**Exercise description:**
Repeat the whole listing below precisely. Omit all pictures.

**Provided data:**
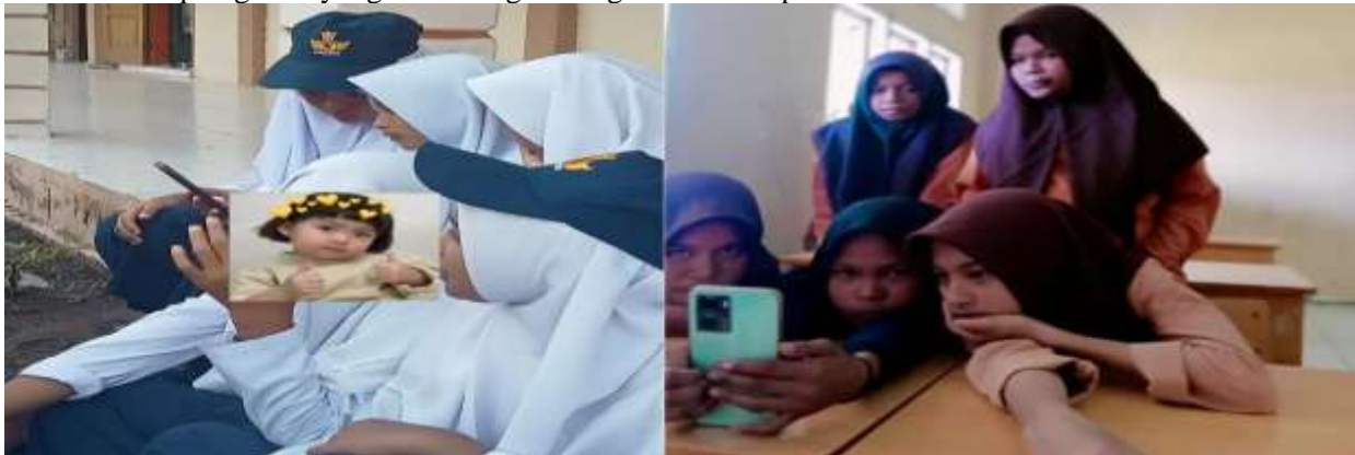
Gambar 2. Remaja dengan kesibukannya saat di Sekolah

Berdasarkan bidang permasalahan yang diangkat, yaitu pemberdayaan remaja pesisir pantai Pulo Aceh melalui kerajinan tangan, berikut adalah analisis kondisi eksisting mitra. Kurangnya Pemanfaatan Waktu Luang dan Potensi Diri, kondisi eksisting ini banyak remaja di Pesisir Pantai Pulo Aceh memiliki waktu luang yang cukup banyak, terutama setelah jam sekolah atau kegiatan melaut. Waktu luang ini sering kali tidak dimanfaatkan secara produktif, dan potensi kreatif yang mereka miliki tidak terasah. Mereka memiliki akses terbatas terhadap kegiatan yang bisa mengembangkan keterampilan non-akademik.
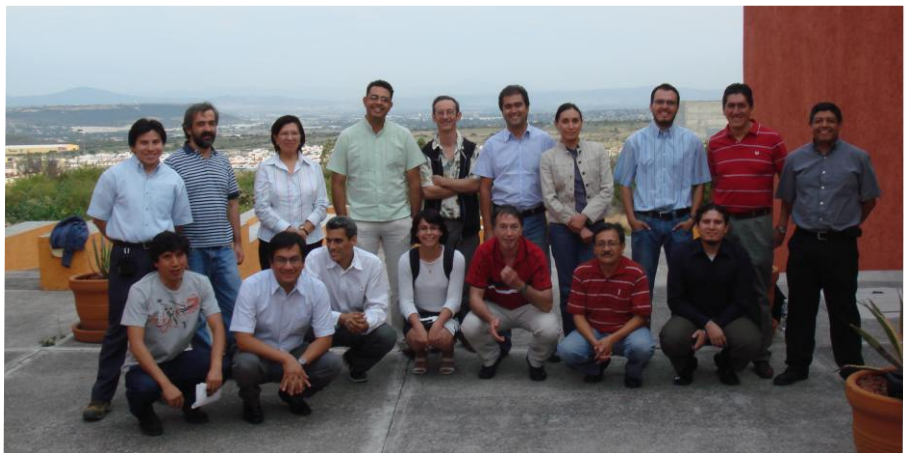
Proyecto Union Europea Fonciyt

Universidad Autónoma de Querétaro, Instituto Potosino de Investigación Científica y Tecnológica, Universidad de Guadalajara, Universidad Autónoma de San Luis Potosí, UAM-Iztapalapa, Universidad de Guanajuato, Instituto Nacional de Investigaciones Agronómicas (Francia ) Universidad Tecnológica de Compiègne (Francia) Politécnico de Milano- Italia, Universidad Católica de Lovaina (Bélgica) Universidad de California- Berkeley, Universidad Estatal de Arizona, Universidad de Purdue, Universidad Pontificia Católica de Valparaíso (Chile) Universidad de la Frontera (Chile) Universidad de Mons (Bélgica) Universidad de la República (Uruguay) Universidad de los Andes (Colombia)
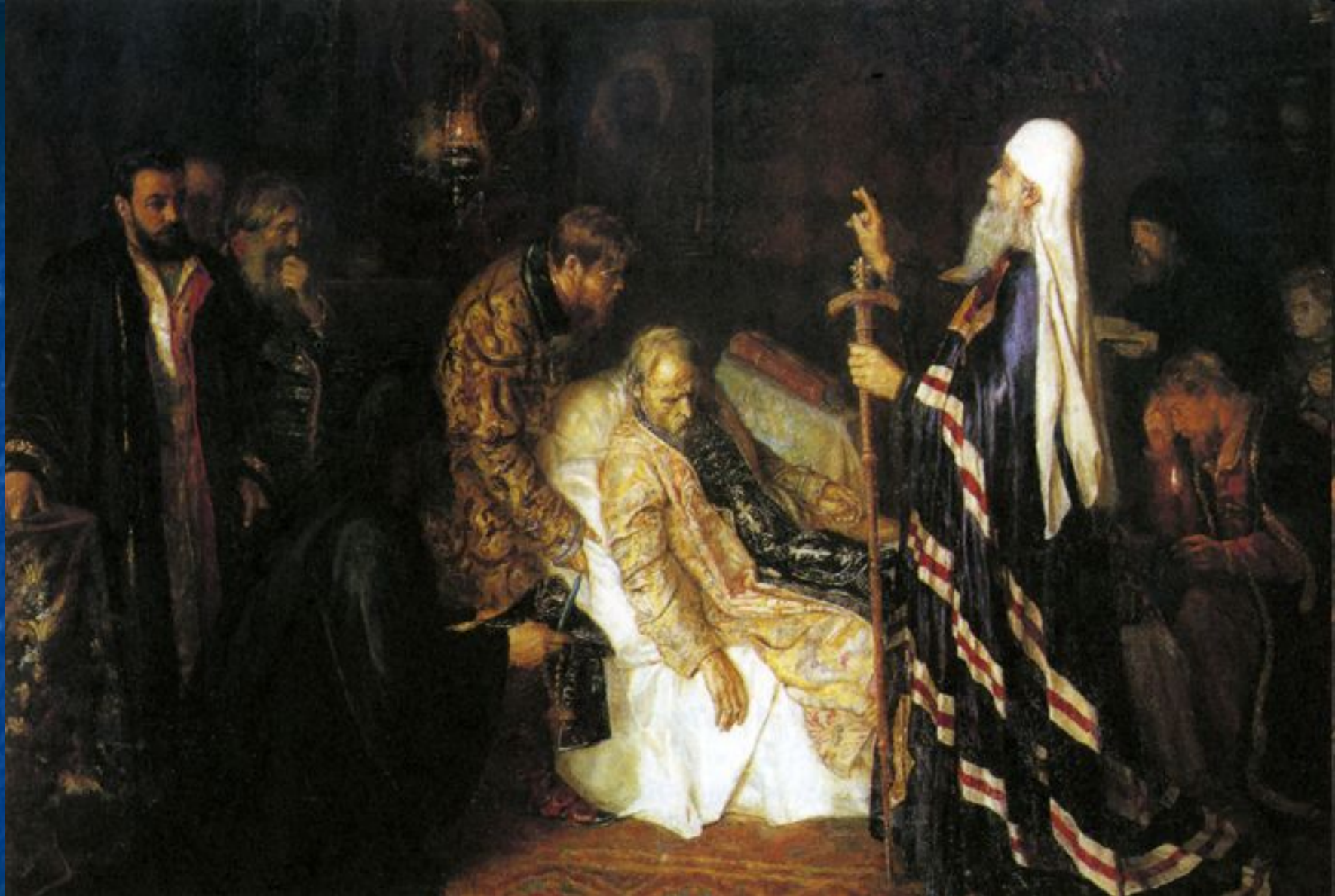
"Кончина Ивана Грозного" худ. К. Геллер

**Reply:**
Gambar 2. Remaja dengan kesibukannya saat di Sekolah

Berdasarkan bidang permasalahan yang diangkat, yaitu pemberdayaan remaja pesisir pantai Pulo Aceh melalui kerajinan tangan, berikut adalah analisis kondisi eksisting mitra. Kurangnya Pemanfaatan Waktu Luang dan Potensi Diri, kondisi eksisting ini banyak remaja di Pesisir Pantai Pulo Aceh memiliki waktu luang yang cukup banyak, terutama setelah jam sekolah atau kegiatan melaut. Waktu luang ini sering kali tidak dimanfaatkan secara produktif, dan potensi kreatif yang mereka miliki tidak terasah. Mereka memiliki akses terbatas terhadap kegiatan yang bisa mengembangkan keterampilan non-akademik.
Proyecto Union Europea Fonciyt

Universidad Autónoma de Querétaro, Instituto Potosino de Investigación Científica y Tecnológica, Universidad de Guadalajara, Universidad Autónoma de San Luis Potosí, UAM-Iztapalapa, Universidad de Guanajuato, Instituto Nacional de Investigaciones Agronómicas (Francia ) Universidad Tecnológica de Compiègne (Francia) Politécnico de Milano- Italia, Universidad Católica de Lovaina (Bélgica) Universidad de California- Berkeley, Universidad Estatal de Arizona, Universidad de Purdue, Universidad Pontificia Católica de Valparaíso (Chile) Universidad de la Frontera (Chile) Universidad de Mons (Bélgica) Universidad de la República (Uruguay) Universidad de los Andes (Colombia)
"Кончина Ивана Грозного" худ. К. Геллер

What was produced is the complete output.